Sunday, June 1, 2014

A liberal's tenuous grip on cause and effect

The front page of the morning's Austin American-Statesman includes (behind the subscriber wall) an article about surging property taxes in Austin, and the "irate homeowners" now confronting their new appraisals. Let's consider the first such homeowner, quoted without any suggestion of irony:

"I'm at the breaking point," said Gretchin Gardner, an Austin artist who bought a 1930s bungalow in the Bouldin neighborhood just south of downtown in 1991 and has watched her property tax bill soar to $8500 this year.

"It's not because I don't like paying taxes," said Gardner, who attended both meetings [of "irate homeowners"]. "I have voted for every park, every library, all the school improvements, for light rail, for anything that will make this city better. But now I can't afford to live here anymore."

My first thought: "When she reads her own words in the paper Ms. Gardner is going to think: 'Oh, no. I've beclowned myself before the entire city of Austin. My friends will think I'm an idiot.'"

My second thought: "No, that won't happen, because the odds are very high her friends agree with her and see nothing inconsistent with voting for all that big government and expecting their taxes to stay low nonetheless. That's what makes big government go around."

Anyway, that Ms. Gardner can say such a thing without the slightest recognition that -- oops -- all the things she voted for have now cost so much that she cannot afford to live in Austin is both comic and tragic and, in the end, a painful reminder that most voters do not have an even tenuous grip on cause and effect. Indeed, hard as it may be to believe, it gets better. Gardner goes on to say that "[s]omeone needs to step in and address the big picture." How, pray tell, are even honest and competent politicians to make sense of constant demands for new services and howls of outrage over higher taxes from the exact same voters?

16 comments:

LL said...

"Addressing the big picture" inevitably requires that somebody else pay for their big government luxuries. It's the very essence of socialism.

The Conservative Wahoo said...

I think the word "beclowned" is underrated.

Anonymous said...

To be fair, property values have soared in Austin since 1991, and this has led to an increase in property taxes.

Gretchen is probably sitting on $400K or more of property that she acquired 1n 1991 for a little over $100K . In the 04 zipcode, that is a nice, but not especially luxurious house.

Anonymous said...

I used to live in Austin. In fact I spent much of my life there. It was the only place I've ever lived where there were demonstrations at the capitol demanding a State income tax and reported breathlessly in the paper as, "Everyone wants it. Everyone." Also the first place I ever lived where a bond or tax proposal is put on the ballot over and over again--sometimes for decades--really, in perpetuity until it eventually passes.
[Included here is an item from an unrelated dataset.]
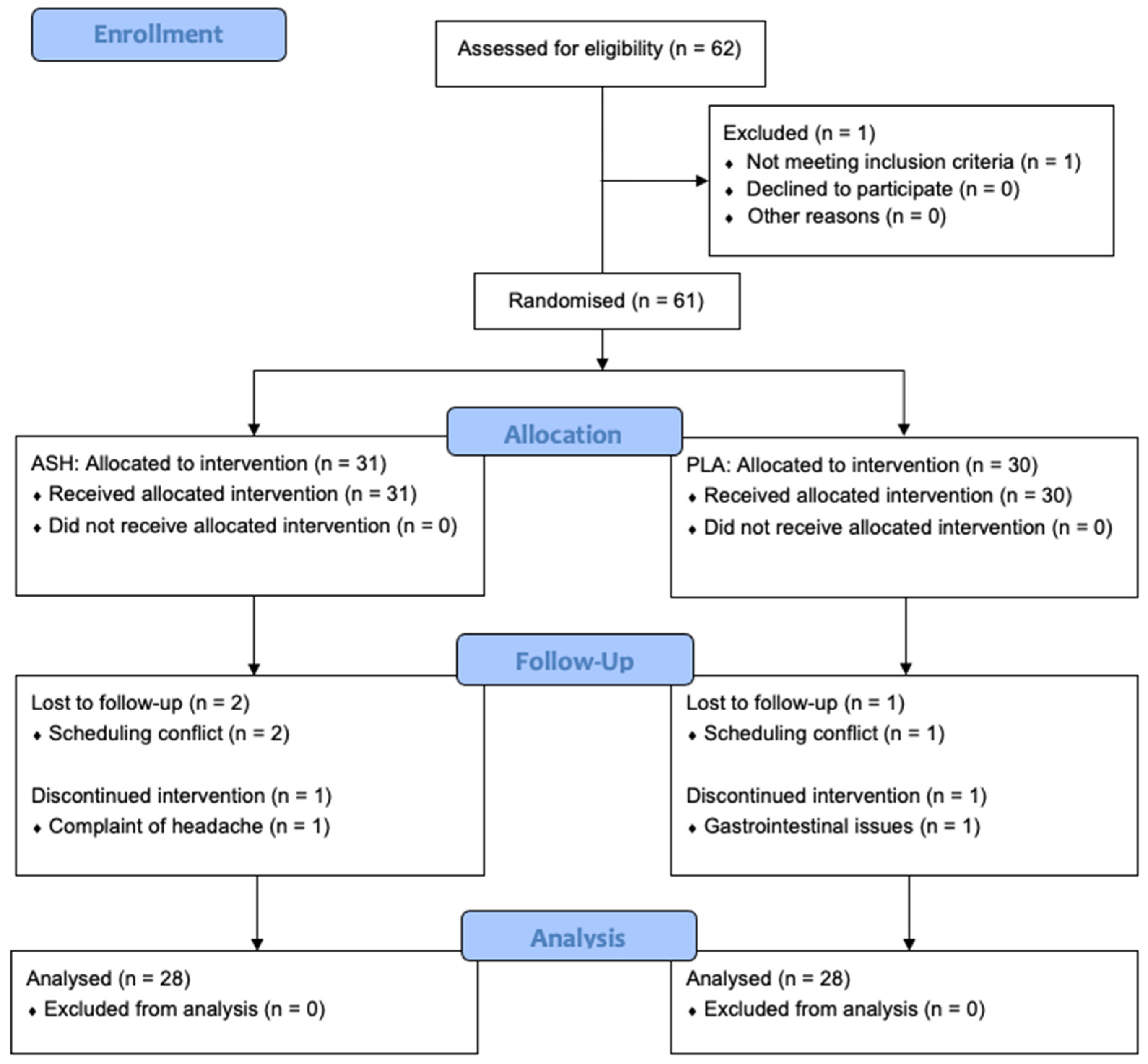 | ASH (n = 28) | PLA (n = 28) | p-Value | Female (n = 28) | Male (n = 28) | |

And, although the electric rates are among the highest in the Nation, the head of the City owned Utility once bragged that under city management there was a 75% profitability maintained always so that their bonds could always be sold anywhere, anytime.
Decades ago hippies would interview for jobs in Silicon Valley and return mugged and shocked at property prices and taxes and traffic. All of Austin is now San Jose at rush hour with more toll roads than anywhere else in the United States. Complete with Californians. That house you bought for $60K back in the day requires $1000+/month to hold onto and $400/month to live in minimum. No one, I mean no one retires there.

Cato said...

Beclowned is extremely underrated. Wonderful word.

North State DA said...

Liberals always lose the #waronmath

North State DA said...

Librals always lose the #waronmath

North State DA said...

Liberals always lose the #waronmath

North State DA said...

Liberals lose every battle in the #waronmath

The Political Hat said...

Now, now. According to Leftist ideology, all that spending was "investment" that ought to have created a utopia where everyone became productive and handed over a tuppence in taxes!

Clearly, if it didn't work out that way, according to the Left, it must be the fault of the Reich-wing Koch Bros.!

The Political Hat said...

Now, now. According to Leftist ideology, all that spending was "investment" that ought to have created a utopia where everyone became productive and handed over a tuppence in taxes!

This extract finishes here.